- Location: 28°51′N 77°07′E﻿ / ﻿28.85°N 77.12°E Singhu, Delhi, India
- Date: 15 October 2021
- Attack type: Vigilantism
- Deaths: 1
- Perpetrators: 4 arrested (Nihang group members)
- Motive: Desecration of Sri Sarbloh Granth Sahib

= 2021 Singhu border lynching =

Lynching at Delhi border

The Singhu Border Beadbi 2021 refers to the incident that occurred in the early hours of 15 October 2021 at Delhi's Singhu border, resulting in the death of Lakhbir Singh, from Tarn Taran district of Punjab, India. Lakhbir Singh had arrived at the camp of the Nihang Singhs at the Kisan Morcha and proceed to throw a copy of Sri Sarbloh Granth on the floor amongst other acts of desecration. Lakhbir Singh admitted to receiving a phone call instructing him to carry out the actions in return for a monetary reward. The killing began with the victim's hand and a leg being chopped off, and later his body was hanged on a barricade near the farmers’ protest site. A Nihang Sikh group took responsibility for the killing after the man committed sacrilege of their holy scripture. A Nihang accepted his role in the murder, and courted arrest the same day. The second accused, who also belongs to the Nihang group, was arrested by the Amritsar police.

After being taken into the police custody, the second accused claimed that he had voluntarily surrendered to the police. Meanwhile, the Samyukta Kisan Morcha (SKM) distanced itself from the desecration and subsequent killing of the man, and agreed to cooperate with the police in the investigation. The Bhim Army extended financial support for the family of the victim and demanded an impartial probe from the CBI. In addition, 15 Dalit organizations also called for strict action against the culprits in the killing of Lakhbir Singh at the Singhu border after portraying the situation as the targeting of a Dalit.

Meanwhile, the victim's family has complained to the National Commission for Scheduled Castes about the lack of support from the Punjab state government.

==Background==
During the early hours of 15 October 2021, a Dalit Sikh labourer, Lakhbir Singh from Cheema Khurd village of Tarn Taran district was lynched by Nihang Sikhs present at farmers' protest site on the allegations of sacrilege by his picking up the copy of a Sarbloh Granth.
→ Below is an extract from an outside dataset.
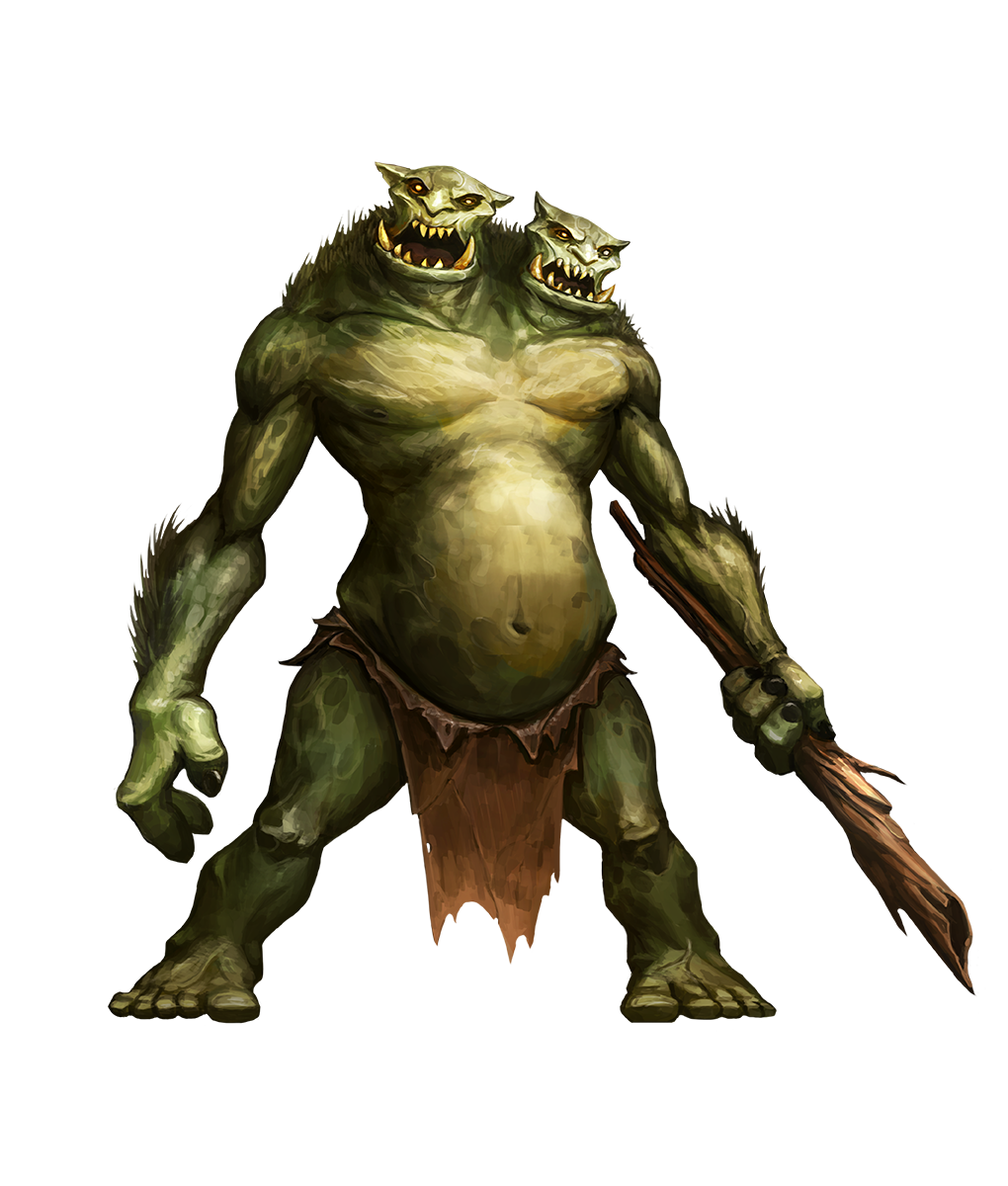 Two-headed trolls are savage, dual-minded monsters with an unquenchable thirst for bloodshed, and dread tales of their ravenous appetites are whispered of in homesteads throughout the lands of the Inner Sea. Indeed, it is a custom for parents to invoke the two-headed troll as a warning to misbehaving children. “Finish your chores,” a parent might say to a stubborn child, “or a two-headed troll will snatch you away at night and swallow you whole!” It's unclear why such a morbid tradition gained traction with parents, but it's an undeniable fact that two-headed trolls have an appetite for “nibbles”—creatures small enough to devour with one bite.

Family members of Lakhbir denied his role in alleged sacrilege.

Village residents told The Caravan that they had first seen main accused Nihang Sarabjit Singh in the village about three months earlier, near the Sarai Amanat Khan police station. Several other villagers had seen Sarabjit in Cheema Kalan on several occasions driving a Bolero Camper car close to a langar hall being built near the village's bus stand. On 12 October Lakhbir was seen leaving the market when one man on a bike picked up Lakhbir from the nearby cremation ground crossing and handed him over to two Nihangs.